Gut miteinander Kirschen essen

Heute nach Feierabend stand ein Kirschbaum vor meiner Nase. Nicht irgendeiner! Er hat die leckersten, süßesten, dunkelschwarzesten, meisten Kirschen! Ich musste einfach auf den Baum klettern. Und ich bin fast geplatzt vor Glück, als ich oben in den dünnen Ästchen saß und futterte. Und so viel Glück kann ich doch nicht für mich alleine behalten, wäre schade für die anderen! Also wieder rein ins Krankenhaus, in dem ich arbeite, und Kirschen an Kolleginnen & Kollegen und Patienten verteilen – wie schön das war, die eigene Freude zu teilen. Und damit zu vergrößern!
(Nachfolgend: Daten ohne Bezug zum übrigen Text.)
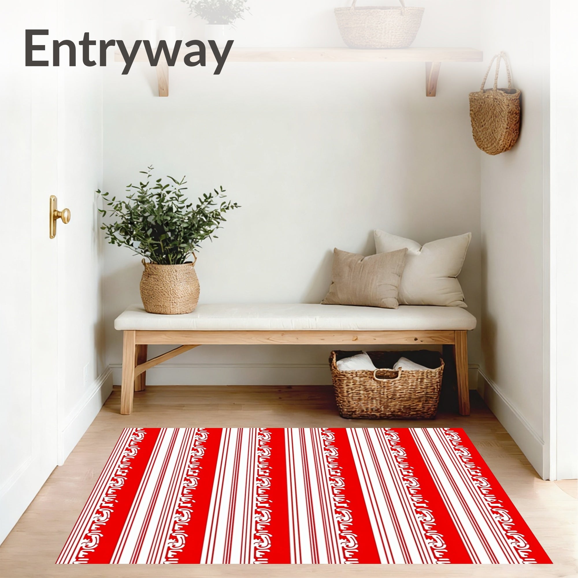 Ultra Soft Area Rug, Non Slip, Stain Resistant, Washable Area Rugs for Living Room, Bedroom, Peppermint Swirl Seasonal Entryway Accent(Red) Overview:

Und noch mal bin ich später vor tiefer Freude fast geplatzt: es war etwas ganz anderes, nämlich die Antwort auf die Frage „Wie können wir Negativität loslassen(…)?“ aus dem Buch „Jetzt!“ von Eckhart Tolle. Es ist so simpel, fast so einfach, dass unser Verstand schon einwerfen möchte: „Das geht doch nicht!“ Und so toll, dass ich meine Freude darüber nun mit dir teilen möchte! Stell dir doch mal eine Situation vor, in der es dir nicht gut geht – das heißt, in der du negative Emotionen hast. Was machst du mit diesem Dreck im inneren Raum, mit dieser Negativität? „Lass sie los. Wie lässt du ein Stück heiße Kohle los, das du in der Hand hältst? Wie lässt du schweres und nutzloses Gepäck los, das du mit dir herumträgst? Indem du erkennst, dass du den Schmerz nicht mehr erleiden und die Last nicht mit dir herumtragen willst. Und dann lässt du einfach los.“

Eine passende Kurzgeschichte:


Ein junger und ein alter Mönch laufen einen Pfad entlang. Sie kommen zu einem Fluss mit starker Strömung. Als sie sich bereit machen, ihn zu überqueren, sehen sie eine hübsche junge Frau, die nicht ans andere Ufer gelangt. Sie bemerkt die Mönche und bittet sie um Hilfe. Der alte Mönch nimmt sie auf die Schulter und trägt sie über den Fluss. Sie bedankt sich und geht ihrer Wege.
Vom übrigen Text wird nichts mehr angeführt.